FP Messages
From ETaxonomy
General Concepts
Informal description of atomic messages: One message = one purpose!!!
What is "message originator" (person? client?) Perhaps both, thus Header element <xsd:element name="Originator"/> as a complex type consisting of a GUID for the node that originates a message and a string that represents an (untrusted) assertion by the client software of the name of the person who is logged in and using the client to generate the message.

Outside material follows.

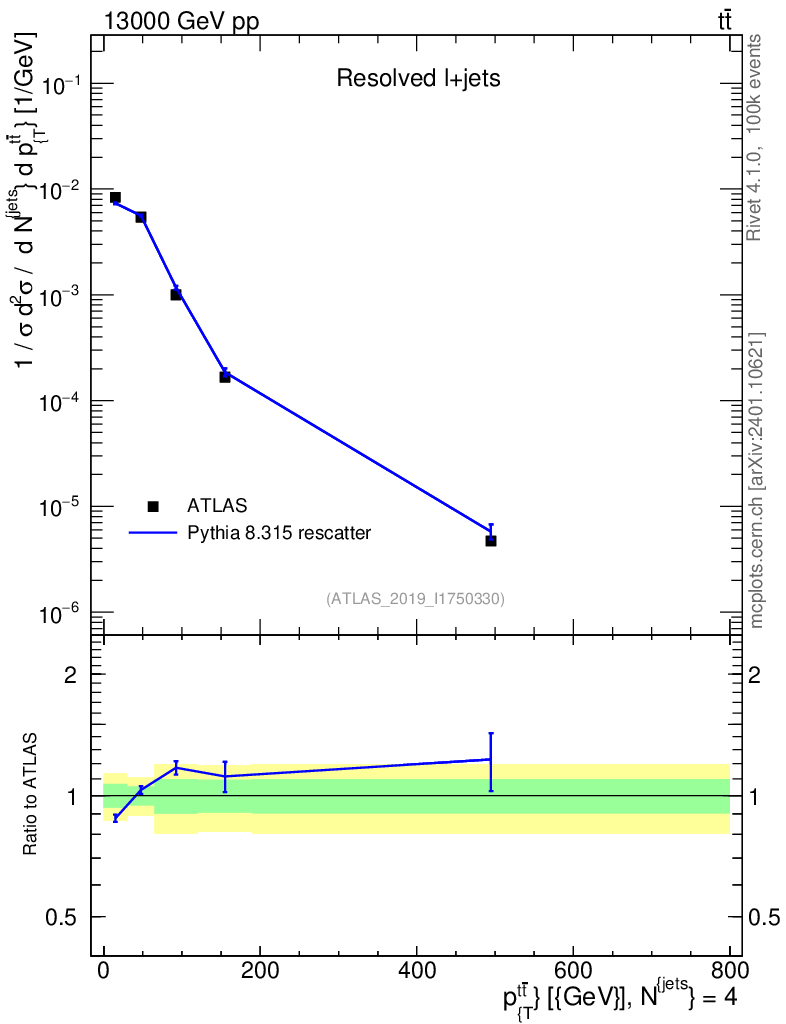 Lines: data, pythia8 8.315 rescatter |

Multiple clients at same node? Probably easier than not
Atomicity of Message filtering? All or none for now.
Message arguments
- Network object ID (or list of same[?])
Tradeoff - send message multiple times, or send large complex messages. Implementation level decision?
- Operation ID
What kind of message is this (FP_TAXON_COMMENT). Extensible and schema based? Portal to community is another edge where messages apply - privileged on one side, not privileged on the other (relevance of xml access controls).
- Originator of Message
- machine
- person
- Message Signature
- Signature by the client code that generated the message, Public key available in the network to validate signature and source of message as known client.
- Destination of message ??
Do messages get filtered on origination (symmetrical to filter on reception?) Are there messages where the destination is other than broadcast on network? Message destination other than access point may be irrelevant as this level of message handling is handled by the messaging system.
- Message content - still needs elucidation.
- See message types below
Sets
Is a Set immutable? One app is stuff that is seemingly a dup, but isn't, or isn't but something determines later that it is.
Are sets non-intersecting?
What are relations between Sets.
How is a Set defined? Hopefully some mix of automatic and people-originated. Replace "Set" with "Cataloged (Virtual)Container" ?
Other General Comments
Sites as collections
Primitive is cataloged collection object?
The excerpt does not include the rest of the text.